ETL Process taking a while to execute

Question

Post reply

ETL Process taking a while to execute

SSC-Rules

SSC Veteran

Points: 206
More actions
July 14, 2008 at 7:35 am

#195206

Hi,
we have an ETL process that is running everynight, and we get data (text files) about say 4 million rows. And only about 300 thousand rows have been updated, so we have to do a delete statment for the rest of the rows, which is taking a while to execute. Do you all know any other way around these? We thought of cursors but same overhead for cursors are high also. Also temp table same way, temp db would be filled, same performance issue.
Thanks,
FK

Viewing 11 posts - 1 through 10 (of 10 total)

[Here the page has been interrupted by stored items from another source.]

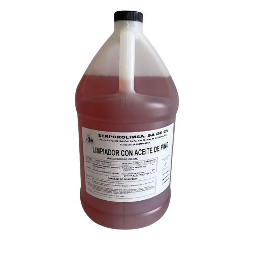 Limpiador elaborado a base de aceite de pino, cuyas caracteristicas principalesson aromatizar y desinfectar las superficies en las que se aplica.
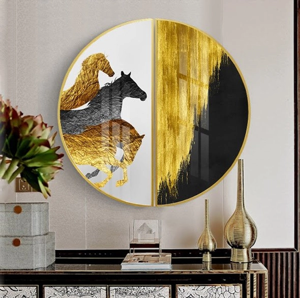 Tranh Bán Nguyệt Nghệ Thuật Tam Mã Tài Lộc mang đậm ý nghĩa phong thủy, biểu tượng của sức mạnh, sự kiên định và tài lộc. Ba chú ngựa đang phi nước đại tượng trưng cho sự phát đạt, may mắn và sự thăng tiến không ngừng. Bức tranh không những trang trí không gian mà còn là mang lại cảm giác thư thái, xoa dễ chịu bạn mỗi khi ngắm nhì
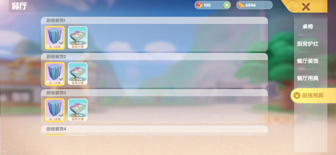 而且餐桌的加成是稀有度越高加成越多!所以买餐厅装饰不是多多益善,举个简单的列子,厨房用具中的装饰冰箱豪华值加成是200,水槽加成是150,而水槽是后解锁的,所以大家千万别急着购买,先看看是否稀有度更高!
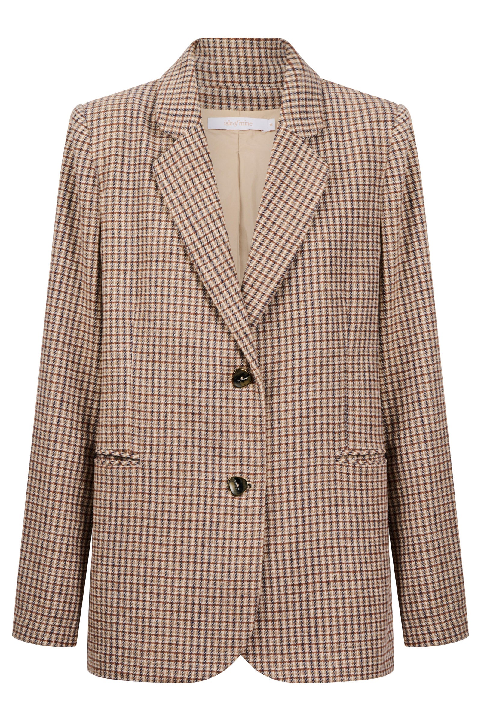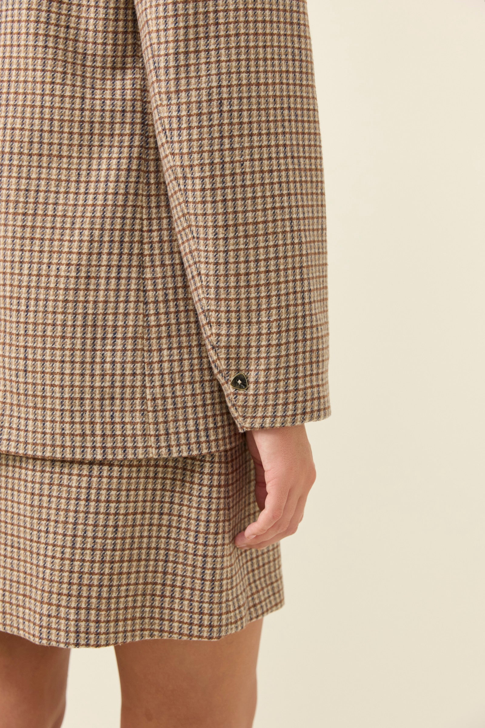 A classic houndstooth blazer cut in soft suiting fabric and fully lined for comfort. The notched lapel, diamond-shaped buttons and welt pockets bring a timeless tailored feel, while subtle shoulder padding adds light structure.
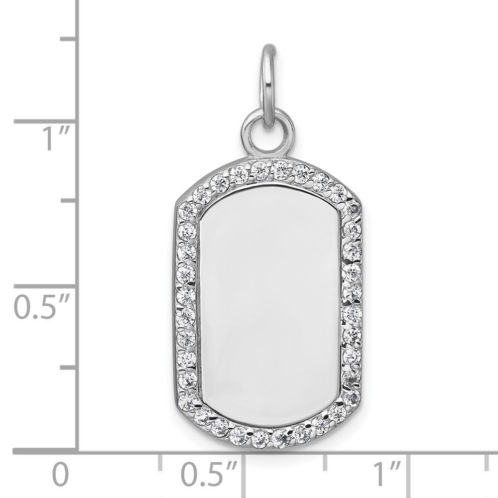 Sterling Silver Rhodium-plated Polished CZ Engraveable Dog Tag Pendant
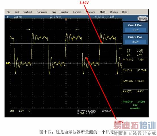 如图十四,这是由示波器所量测的一个33MHz的讯号,可看出此讯号有过冲及振铃
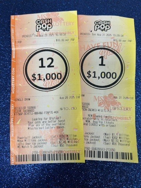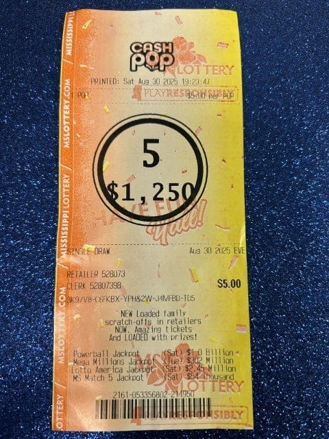 A Water Valley man won $1,250 on a Cash Pop ticket from Sprint Mart #48 in Water Valley.
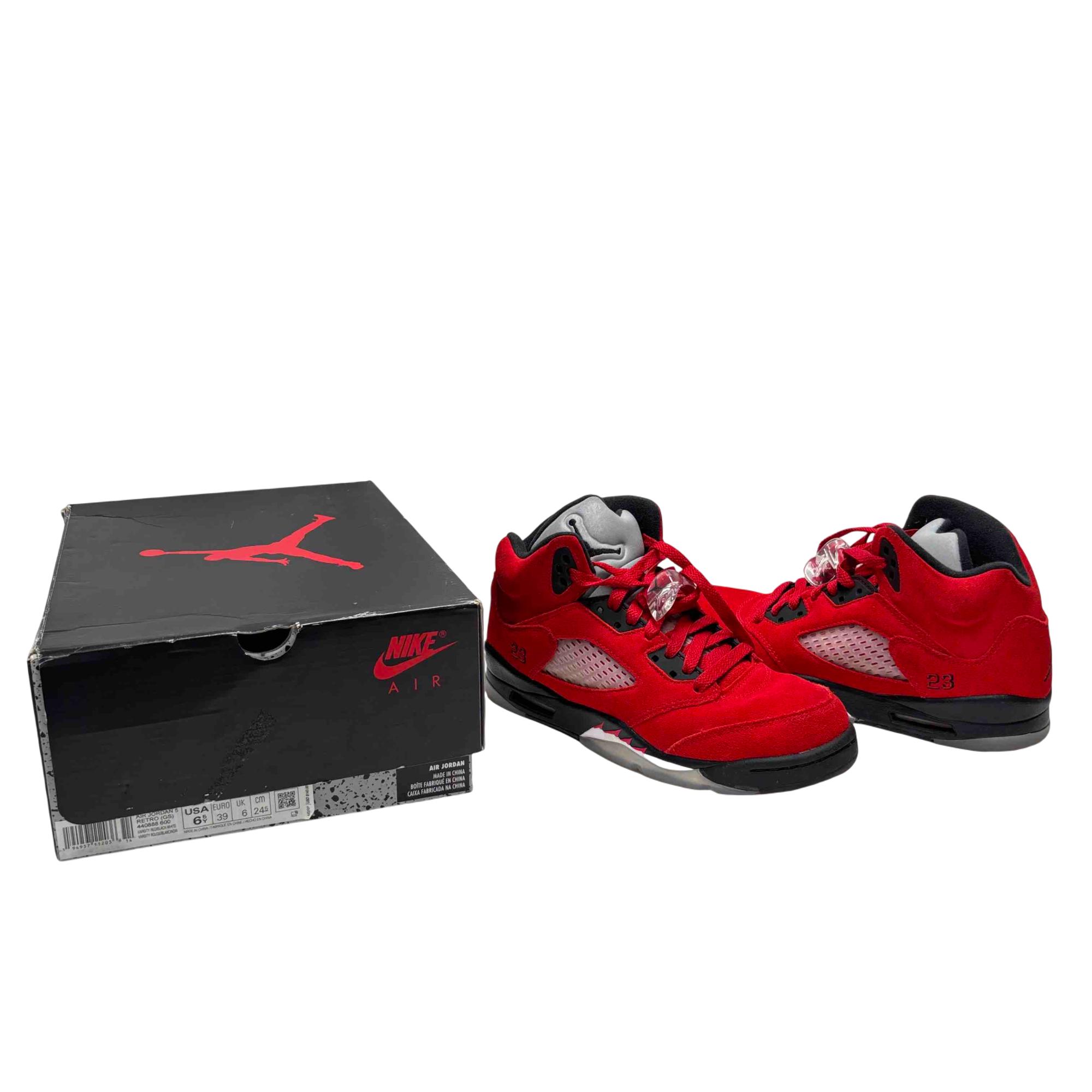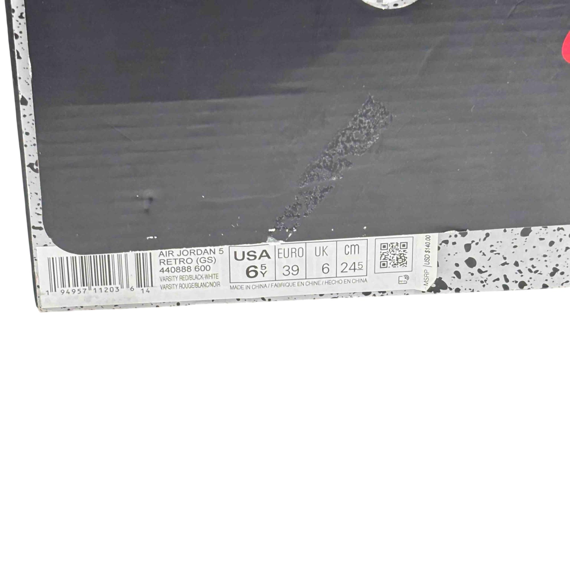Stand out with the iconic Nike Air Jordan 5 Retro GS in Varsity Red, crafted with premium suede and featuring signature Jordan details like the visible Air sole and translucent outsole. The Varsity Red/Black-White colorway combines bold style with legendary comfort, making it a must-have for sneaker enthusiasts and collectors alike. Don't miss the chance to own a classic piece of sneaker history that delivers both looks and performance.

You must be logged in to reply to this topic. Login to reply

Gail Shaw SSC Guru Points: 1004504 More actions · Answer 1

Cursors = really, really bad idea

Could you describe what happens in a little more detail please?

Gail Shaw
Microsoft Certified Master: SQL Server, MVP, M.Sc (Comp Sci)
SQL In The Wild: Discussions on DB performance with occasional diversions into recoverability

We walk in the dark places no others will enter
We stand on the bridge and no one may pass

SSC-Rules SSC Veteran Points: 206 More actions · Answer 2

Agree, cursors are bad and we are staying away from those!!

The current delete statment takes about 872729 ms, which is kind of high, and what the delete does is delete the unchanged data (3.5 million rows) and keep the changed once .5 million rows.

Gail Shaw SSC Guru Points: 1004504 More actions · Answer 3

Could you describe the ETL process a bit more please?

You may find it more efficient to copy the rows you want to keep to a temp table, truncate the original table and copy the rows back.

Gail Shaw
Microsoft Certified Master: SQL Server, MVP, M.Sc (Comp Sci)
SQL In The Wild: Discussions on DB performance with occasional diversions into recoverability

We walk in the dark places no others will enter
We stand on the bridge and no one may pass

SSC-Rules SSC Veteran Points: 206 More actions · Answer 4

Wel, I think that should work. Thanks.

Our ETL process the following..

We have mainframe files that get loaded at night, and basically the ETL will load the file into a table, once there using slowly changing dimension we check for various fileds if they were updated or what needs to be updated, so for the once we don't want to do anything, we delete based on one column flag, and then continue to load the rest to the appropriate fact tables. So that delete step was taking a while, we created an index (non-clustered) on it but still did not help, I will try to create a temp table or even a regular table, and do the truncate. Make sense. Thanks.

Loner SSC-Insane Points: 21279 More actions · Answer 5

Which column did you create an index? How big is the table? If the table is big and there are many indexes on the table, it will take a while to delete it.

Did you mention you use cursor or just use the 'Delete' statement?

DELETE x

FROM Tablex x

INNER JOIN temptable t ON x.col1 = t.col1

WHERE x.Delcol = 'Y'

SSC-Rules SSC Veteran Points: 206 More actions · Answer 6

The table is about 4 Million rows, very big, but the temp table idea seems to be working, thanks.

Gail Shaw SSC Guru Points: 1004504 More actions · Answer 7

Generally, if you're deleting up to half the table (maybe even more) it's faster to save the rows you want, then trunate the table than to run the delete.

Less impact on the tran log too, since truncate is a minimally logged operation.

Gail Shaw
Microsoft Certified Master: SQL Server, MVP, M.Sc (Comp Sci)
SQL In The Wild: Discussions on DB performance with occasional diversions into recoverability

We walk in the dark places no others will enter
We stand on the bridge and no one may pass

gustavo.romero.vargas SSC Enthusiast Points: 169 More actions · Answer 8

i was in a project in which we had the same issue but with excel.. what we did was all the sql code validation or operations that we had in the ETL was moved to stored procedures and we reduced the time to almost %80.it worked. and also if the file has information that is not needed it could be deleted before doing any operation.

MelS-512196 SSC Eights! Points: 842 More actions · Answer 9

The truncate solution seems best, but if you really get stuck having to delete millions of rows, one technique that has worked for me is setting a rowcount of something like 50000 or 100000 and looping through the delete statement until count = 0. Keeps the tran log manageable. Each delete statement usually would take a few seconds, and even if you loop through 30-40 times, total time may only be a few minutes.

Dave Klug SSCertifiable Points: 5811 More actions · Answer 10

Be aware that the SCD transform in SSIS does generally not scale well on large datasets.